START Data records

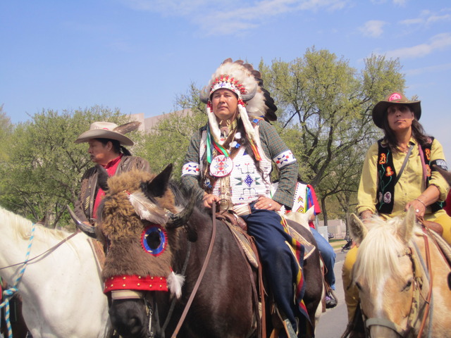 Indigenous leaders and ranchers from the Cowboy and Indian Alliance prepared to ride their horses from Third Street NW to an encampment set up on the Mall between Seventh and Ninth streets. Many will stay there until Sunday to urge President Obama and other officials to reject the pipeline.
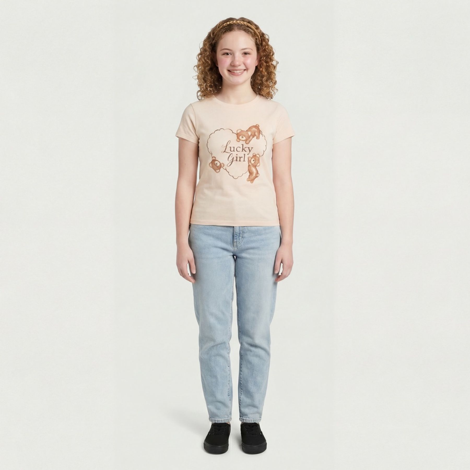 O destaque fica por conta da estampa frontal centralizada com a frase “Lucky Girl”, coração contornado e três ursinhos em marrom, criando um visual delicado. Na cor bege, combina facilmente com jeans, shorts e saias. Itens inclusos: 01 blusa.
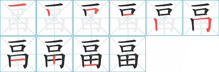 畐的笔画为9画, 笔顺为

END Data records
START Data records

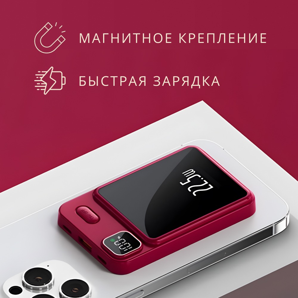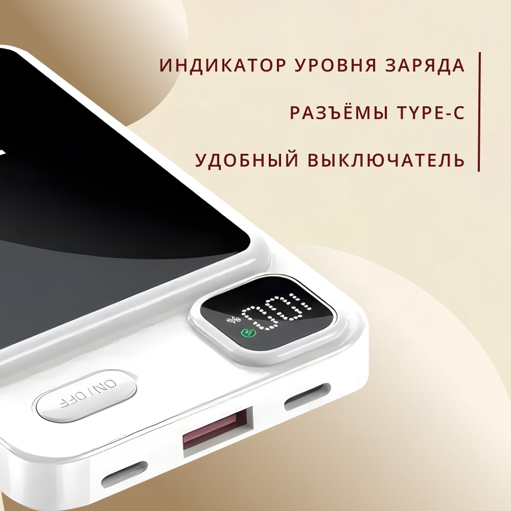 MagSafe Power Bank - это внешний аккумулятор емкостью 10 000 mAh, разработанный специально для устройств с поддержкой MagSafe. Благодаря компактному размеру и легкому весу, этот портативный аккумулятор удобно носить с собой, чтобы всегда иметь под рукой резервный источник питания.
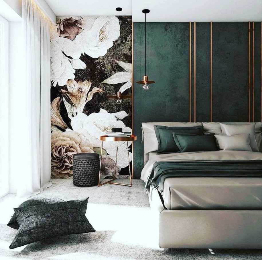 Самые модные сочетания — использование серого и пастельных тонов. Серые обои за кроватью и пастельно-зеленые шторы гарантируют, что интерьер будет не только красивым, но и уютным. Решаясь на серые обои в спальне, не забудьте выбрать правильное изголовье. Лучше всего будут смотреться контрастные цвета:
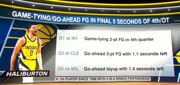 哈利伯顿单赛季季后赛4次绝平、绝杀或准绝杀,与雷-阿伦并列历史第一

END Data records
START Data records

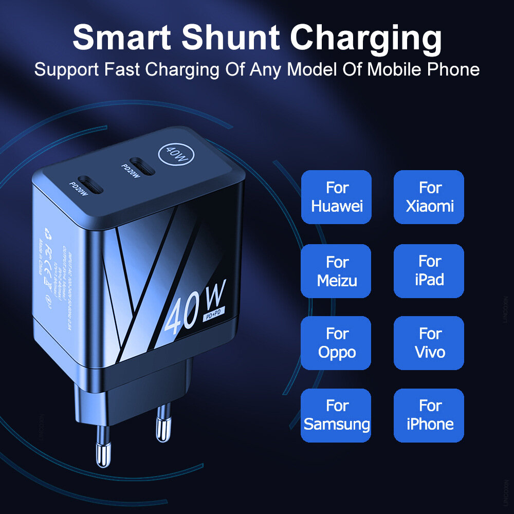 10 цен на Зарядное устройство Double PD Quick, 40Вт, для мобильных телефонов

END Data records

> _Problem description_
Make an exact copy of the lines above, beginning with the line with "Indigenous leaders and" and ending with the line with "畐的笔画为9画, 笔顺为", and keep the pictures out of it.

> _Answer to this exercise_
 Indigenous leaders and ranchers from the Cowboy and Indian Alliance prepared to ride their horses from Third Street NW to an encampment set up on the Mall between Seventh and Ninth streets. Many will stay there until Sunday to urge President Obama and other officials to reject the pipeline.
 O destaque fica por conta da estampa frontal centralizada com a frase “Lucky Girl”, coração contornado e três ursinhos em marrom, criando um visual delicado. Na cor bege, combina facilmente com jeans, shorts e saias. Itens inclusos: 01 blusa.
 畐的笔画为9画, 笔顺为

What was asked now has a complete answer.